Core sample assays for drill holes reported herein from the CV13 Spodumene Pegmatite are presented in Table 1 for all pegmatite intersections >2 m. Drill hole locations and attributes are presented in Table 2.

1The CV5 Mineral Resource Estimate (109.2 Mt at 1.42% Li2O and 160 ppm Ta2O5 Inferred) is reported at a cut-off grade of 0.40% Li2O with effective date of June 25, 2023(through drill hole CV23-190). Mineral Resources are not Mineral Reserves as they do not have demonstrated economic viability. Largest lithium pegmatite resource in the Americas based on contained LCE.

Quality Assurance / Quality Control (QAQC)
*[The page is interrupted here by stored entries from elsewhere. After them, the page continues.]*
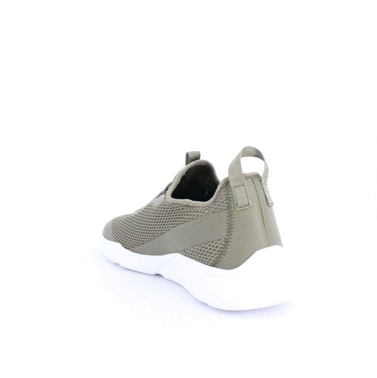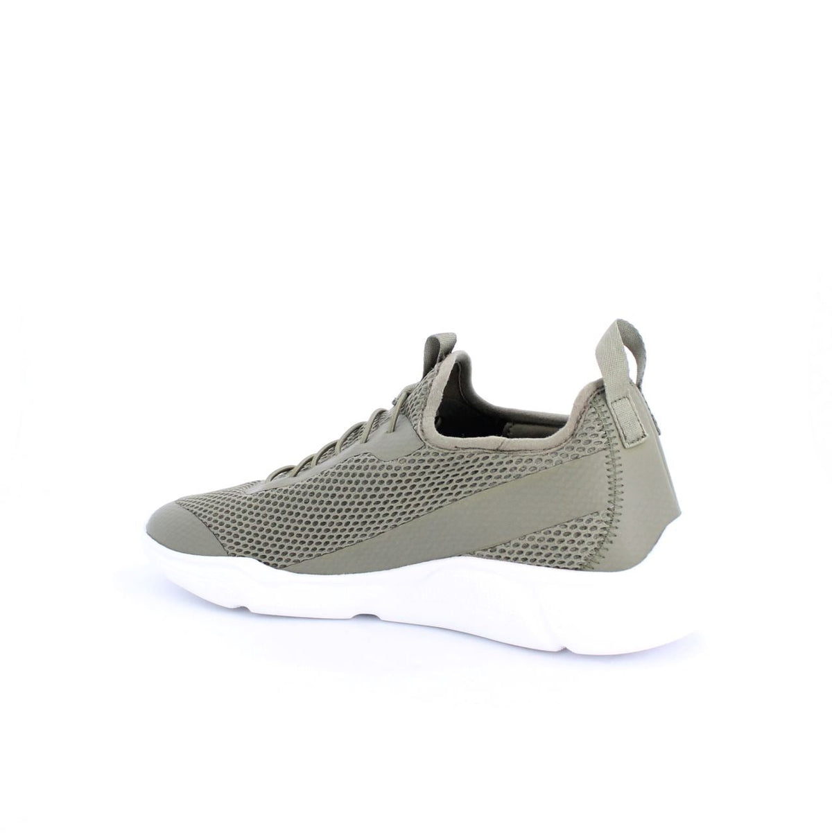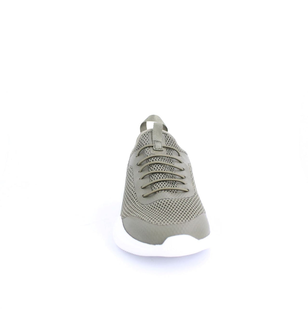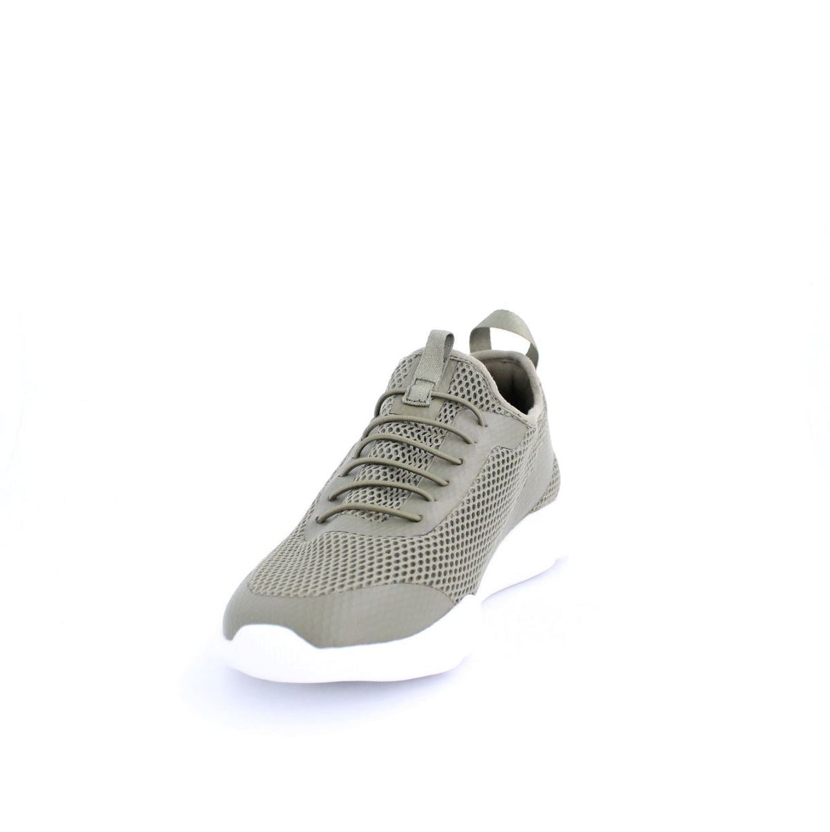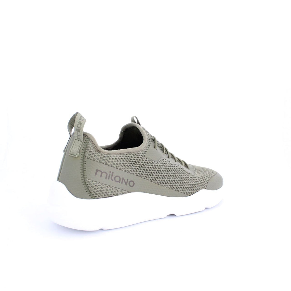 A  casual sneaker  with a modern and minimalist design in a muted green or olive tone. The upper part appears to be made of a breathable mesh material for comfort and ventilation and It is a lightweight and versatile shoe suitable for casual or everyday wear. These shoe has a memory foam insole for added comfort.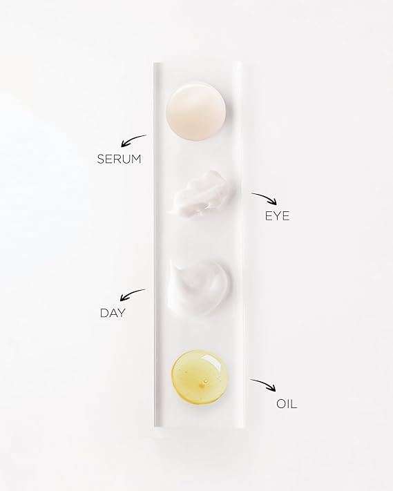 Cut open the active dose vial with small scissors and squeeze the product into your palm. Step 1: Serum. Step 2: Eye Cream. Step 3: Moisturizer. Step 4: Body Oil. If using in the morning, apply sunscreen afterwards.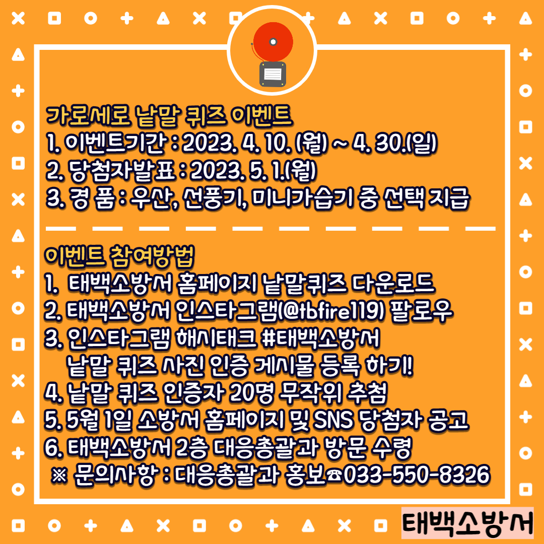 참여방법은 소방서 홈페이지에 게시된 낱말퀴즈를 풀은 후 태백소방서 공식 인스타그램 팔로우 및 게시물 인증을 하면 된다.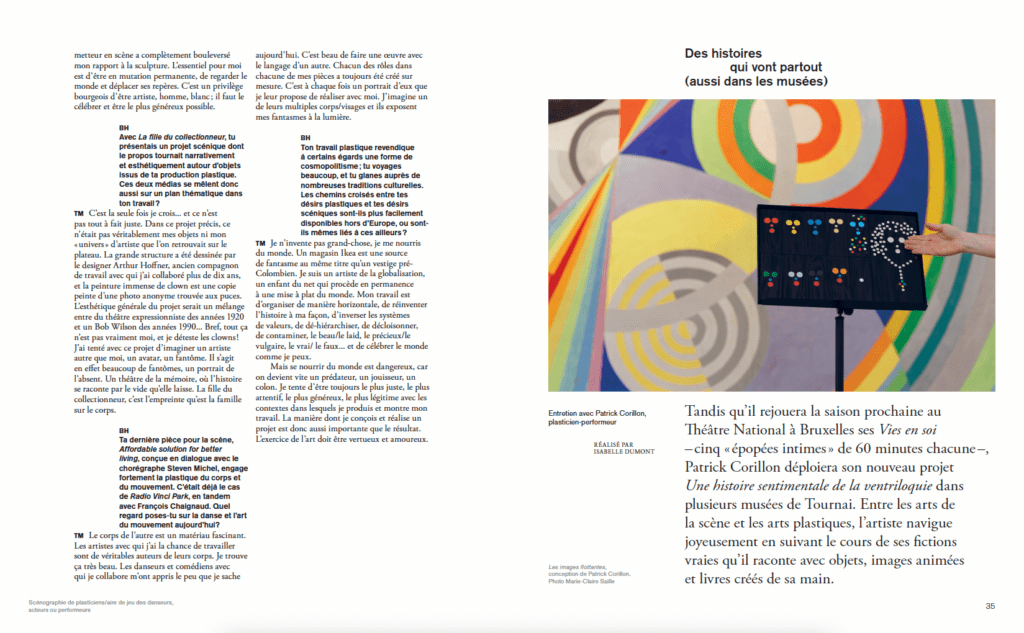 Quelles relations singulières unissent les créateurs d’art contemporain et de théâtre, danse, musique, opéra, cirque ou marionnette... ? Après avoir posé quelques jalons de l’histoire des oeuvres plastico-scéniques, particulièrement riche depuis l’aube du xxe siècle, nous donnons la parole à plusieurs auteures et auteurs de formes hybrides contemporaines. Metteurs en scène-scénographes, performeurs-sculpteurs ou chorégraphes-plasticiens, ils sont à l’affût de la théâtralité dans la peinture et du mouvement dans la sculpture, inventeurs de scénographies animées ou de théâtre matiéré. Peu soucieux des catégories et ouverts à l’alchimie des arts.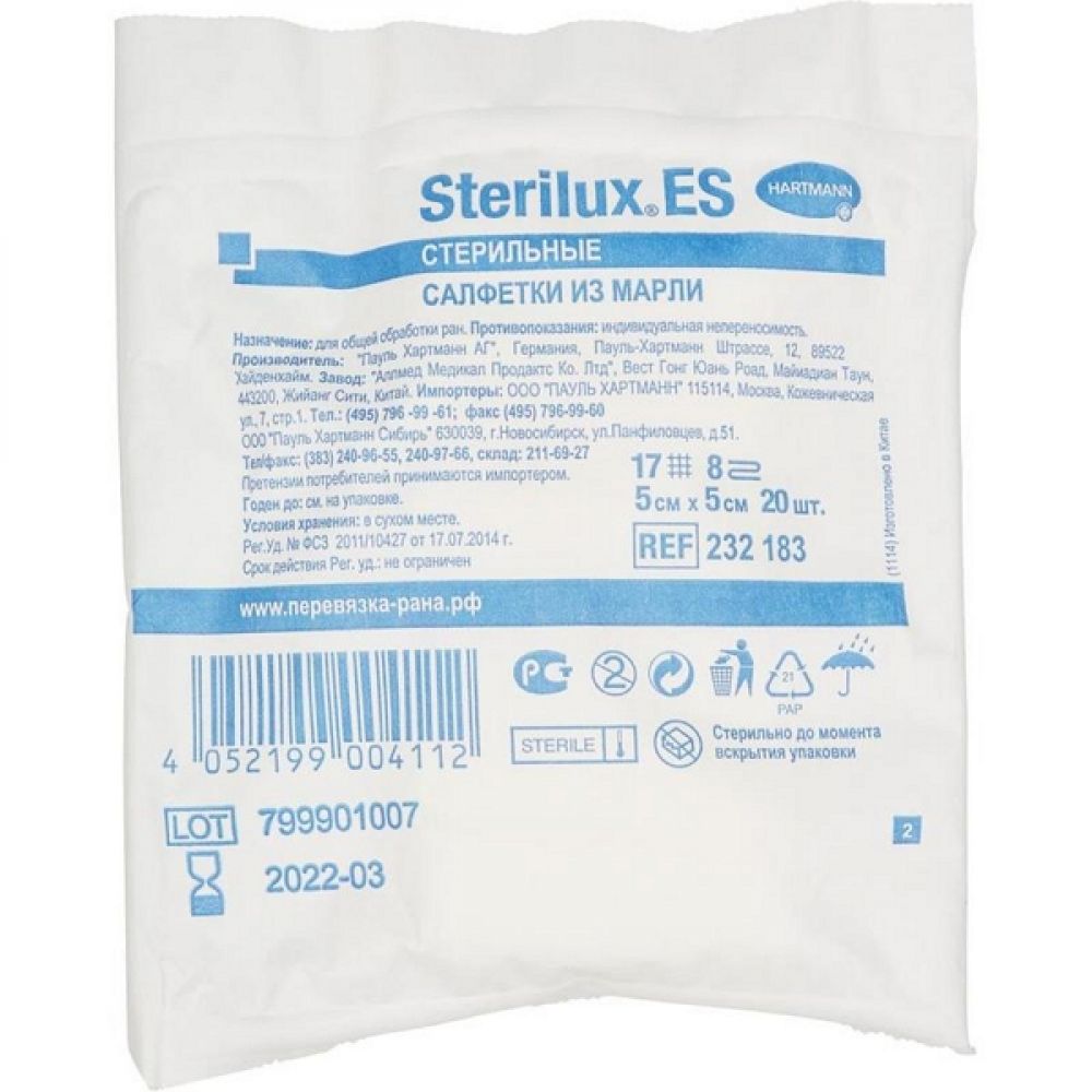 Стерилюкс ЕС салфетки стерильные 5х5см №20

A Quality Assurance / Quality Control protocol following industry best practices was incorporated into the program and included systematic insertion of quartz blanks and certified reference materials into sample batches at a rate of approximately 5%. Additionally, analysis of pulp-split sample duplicates was completed to assess analytical precision, and external (secondary) laboratory pulp-split duplicates were prepared at the primary lab for subsequent check analysis and validation.

All core samples collected were shipped to SGS Canada’s laboratory in Val-d’Or, QC, or Radisson, QC, for sample preparation (code PRP90 special) which includes drying at 105°C, crush to 90% passing 2 mm, riffle split 250 g, and pulverize 85% passing 75 microns. The pulps were shipped by air to SGS Canada’s laboratory in Burnaby, BC, where the samples were homogenized and subsequently analyzed for multi-element (including Li and Ta) using sodium peroxide fusion with ICP-AES/MS finish (codes GE_ICP91A50 and GE_IMS91A50).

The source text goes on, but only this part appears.